For cloud-specific details:

Settings that are safe to increase without major impact.

Scaling up queriers is a safe way to add more query capacity. At Grafana Labs, we prefer to scale queries horizontally by adding more replicas. If you see out of memory (OOM) errors, it might be worth scaling the queriers vertically.

We recommend running at least two replicates of query-frontend. These replicas should be scaled vertically instead of horizontally. If you need to scale, scale query-frontends vertically by adding more CPU and RAM. Currently, query-frontends aren’t scaled horizontally, but this might change in the future.

The reason we keep only two replicas is because each query-frontend has its own request queue and it also impacts the amount of jobs sent to each querier. If you add more query-frontends, you need to tune other configuration parameters to account for the change. We decided to keep query-frontend to two replicas for now.

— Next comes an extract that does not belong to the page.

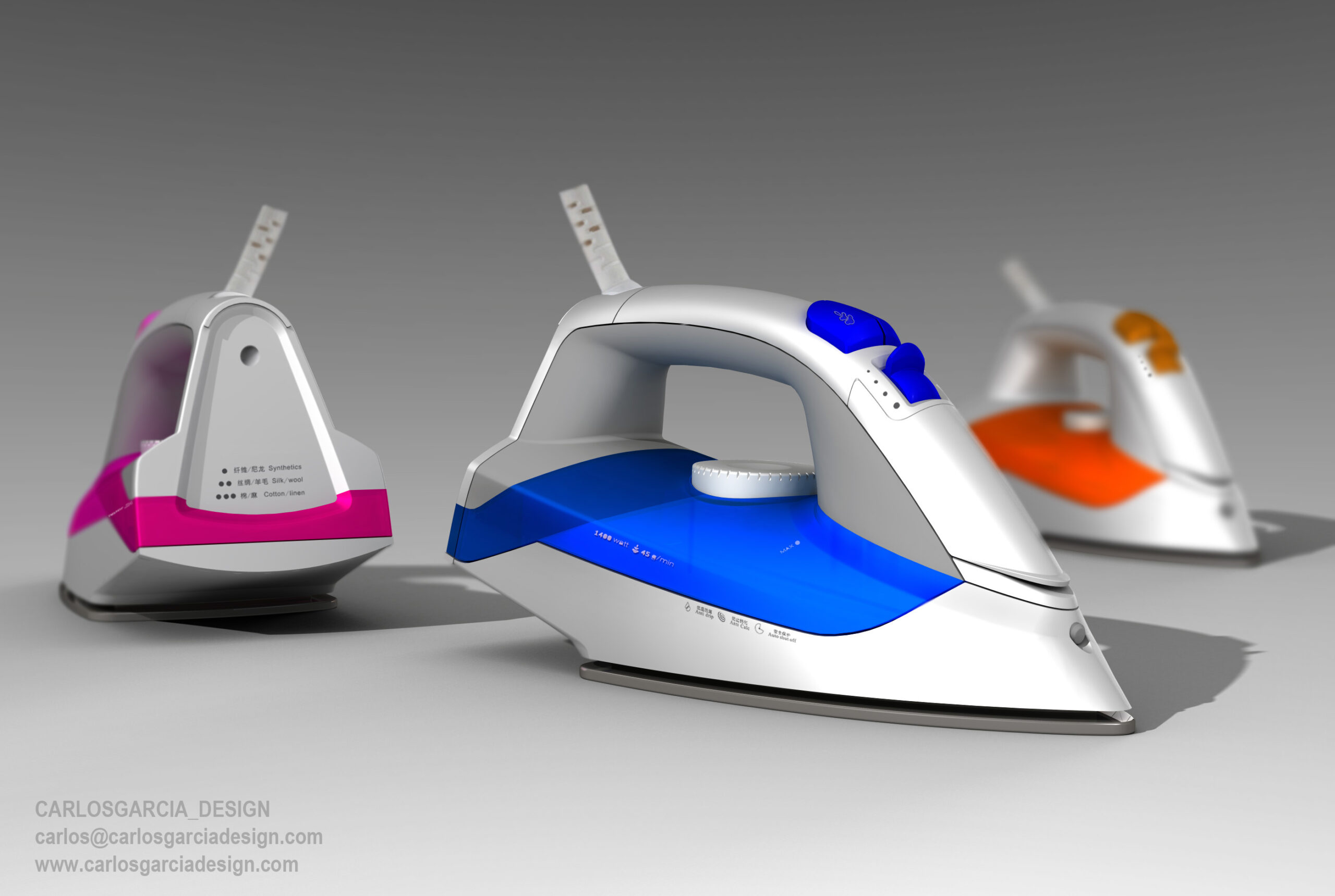 KIWI es una empresa especializada en pequeño electrodoméstico con su sede en Turquía que ha seleccionado para su catálogo de productos de cuidado de la ropa varias planchas creadas por CARLOSGARCIA_DESIGN. El diseño de estas planchas bajas de gama requiere de imaginación para, con pocos recursos de fabricación para poder mantener los costes a raya, conseguir hacerlas atractivas, para ello se hace un buen uso de los colores y acabados, es decir realizar un buen diseño CMF, en el que se piensa desde el inicio del proyecto desde sus primeros bocetos.

In a dedicated cluster, you can increase query_frontend.max_outstanding_per_tenant because the cluster is dedicated to a single customer. In a shared cluster, you need to use more caution when increasing querier.max_outstanding_per_tenant

Parameter interactions

The query_frontend configuration options control how Tempo shards a query into multiple jobs. These options also control the size of a single job, number of jobs, and the number of jobs added to the work queue at once (concurrently) for queriers to be picked up. The max_batch_size option controls how many jobs are sent to queriers at once in a single batch.

Querier configuration options control processing of these jobs, queries operate at a job level. They’re workers: they pick a job from the queue and execute the job, and return the results back to the query-frontend. Querier options control how many jobs it processes at once by opening concurrent connections to query-frontends, and each connection processes a single.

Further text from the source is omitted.